“Brexit or Breginning?”

12 July 2016, 09:11 am
Expert Eye by John Shepherd

To be uncertain is to be uncomfortable. So runs half a Chinese proverb. As a retailer I can readily agree with that

Managing a business on a daily basis means any form of uncertainty is unwelcome and, depending on its nature, can seriously affect sales.

Once upon a time, we tried to sell one of our shops to a multiple. It seemed a good deal but it dragged on and a feeling of foreboding sprung up that it was not going to happen.

As weeks passed, sales dropped, customer attendance became unreliable, staff became depressed and it turned into one of the most unpleasant experiences of our working lives.

The moment arrived when the deal did actually break down, and there came a sudden sense of energy and relief. Stock levels returned to normal and so did the customer count, albeit rather more slowly than we had hoped for.

But life went on, and despite it all the shop did not close and the end of the world was postponed. And so it is with other uncertain events. Over the years we have had our fair share of floods, fires, road closures, extreme weather conditions (I am talking about central London here, so please indulge me) threats of terrorism, changes of government, VAT increases, staff shortages, rent increases, new competition, rogue contractors, refrigeration breakdowns, rampant shoplifters, street riots, transport strikes and several other horsemen of the apocalypse turning up unannounced. At various stages it has been thought “This is the worst problem we have ever had to face” and I have spent lots of money trying to avoid the likelihood of uncomfortable situations, often unwisely. In fact, looking back, the periods of high uncertainty and anxiety are often followed by periods of energy and growth.

The best insurance policy of them all in my experience is to build good relations with as many people in your own organisation as possible. I am pleased to say that a number of our senior staff have been with us for a considerable period of time. (Although we are ready to acknowledge that we may not have treated them on every occasion as well as we should have done).
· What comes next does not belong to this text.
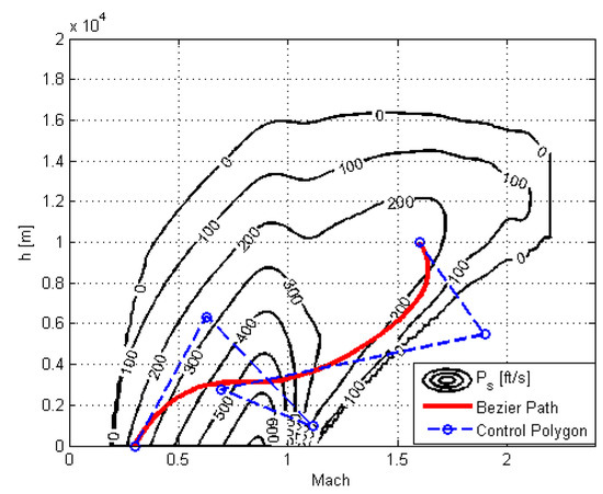 To exploit the fact that the general form of optimal trajectories in the h-M plane can be estimated using E-M theory, in the present study, Bezier splines [34] were selected for the generation of climb paths in the form of two-dimensional curves in this plane. These are parametric curves built around polynomial expressions, known as the Bernstein polynomials. A Bezier curve of order n is defined by a set of control points, through , under the formula:

A mature management team may bring its own problems such as risk aversion, complacency and reduced energy levels, but in my view these are far outweighed by the positive effects of teamwork, trust, loyalty and camaraderie that many of us have experienced. Only when this environment exists can you hope to build the same positive relations with customers. Of course, nobody is perfect, but it is generally better to work to improve the problems internally rather than resort to a parting of the ways.

Which brings me on to Brexit. By the time this article is published the EU Referendum will be over. The build up to it for those of us on the sidelines has been a not very pleasant experience. Both confusing and divisive. Coupled with this, the sales in our shops have been somewhat lacklustre compared to last year. Of course the weather plays its part, but I also think there is a background of gloom and uncertainty as the future of the country seemingly hangs in the balance. Talking to friends, colleagues, market traders and the like, so many are still uncertain as to how they are going to vote. It is actually difficult to predict which way they are thinking, and surprisingly some of those with backgrounds from beyond these shores are keener to vote Leave. I always thought that instinctively the speciality food sector would be more inclined to vote remain.
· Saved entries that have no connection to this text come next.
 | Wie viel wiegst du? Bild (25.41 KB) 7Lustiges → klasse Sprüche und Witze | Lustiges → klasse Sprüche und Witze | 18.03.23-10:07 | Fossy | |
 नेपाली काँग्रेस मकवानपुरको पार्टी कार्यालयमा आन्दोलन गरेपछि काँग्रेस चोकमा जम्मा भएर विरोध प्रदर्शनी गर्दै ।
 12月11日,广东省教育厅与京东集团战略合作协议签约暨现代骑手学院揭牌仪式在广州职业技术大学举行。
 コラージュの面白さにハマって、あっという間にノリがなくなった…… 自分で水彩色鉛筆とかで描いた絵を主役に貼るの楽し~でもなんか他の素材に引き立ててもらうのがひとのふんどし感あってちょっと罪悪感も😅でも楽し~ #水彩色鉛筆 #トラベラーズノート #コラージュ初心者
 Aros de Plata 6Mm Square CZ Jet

Also, whatever the result ,the fear is that the genie is out of the bottle and the debate will rage on indefinitely. My views about uncertainty probably give away my own thoughts on the result I would prefer, but, as with all the other uncertain events I have listed above, there will be something good to come out of it. Some of the worst decisions we have ever taken occurred when we have been of one voice. I am thinking here of the appointment of software providers, cavalier price reductions, cavalier price increases, a new shop location or refurbishment for example. When we first joined Nisa many years ago there was a feeling that we were going to lose our independence, but to have not joined would have been a mistake. On one occasion we unanimously decided on a terrible colour scheme for one of our shops. It seemed a brilliant idea at the time but just looked so wrong when finished, so perhaps uncertainty in small doses can be positive.

The Chinese Proverb above in its complete form actually goes: “To be uncertain is to be uncomfortable, but to be certain is to be ridiculous.”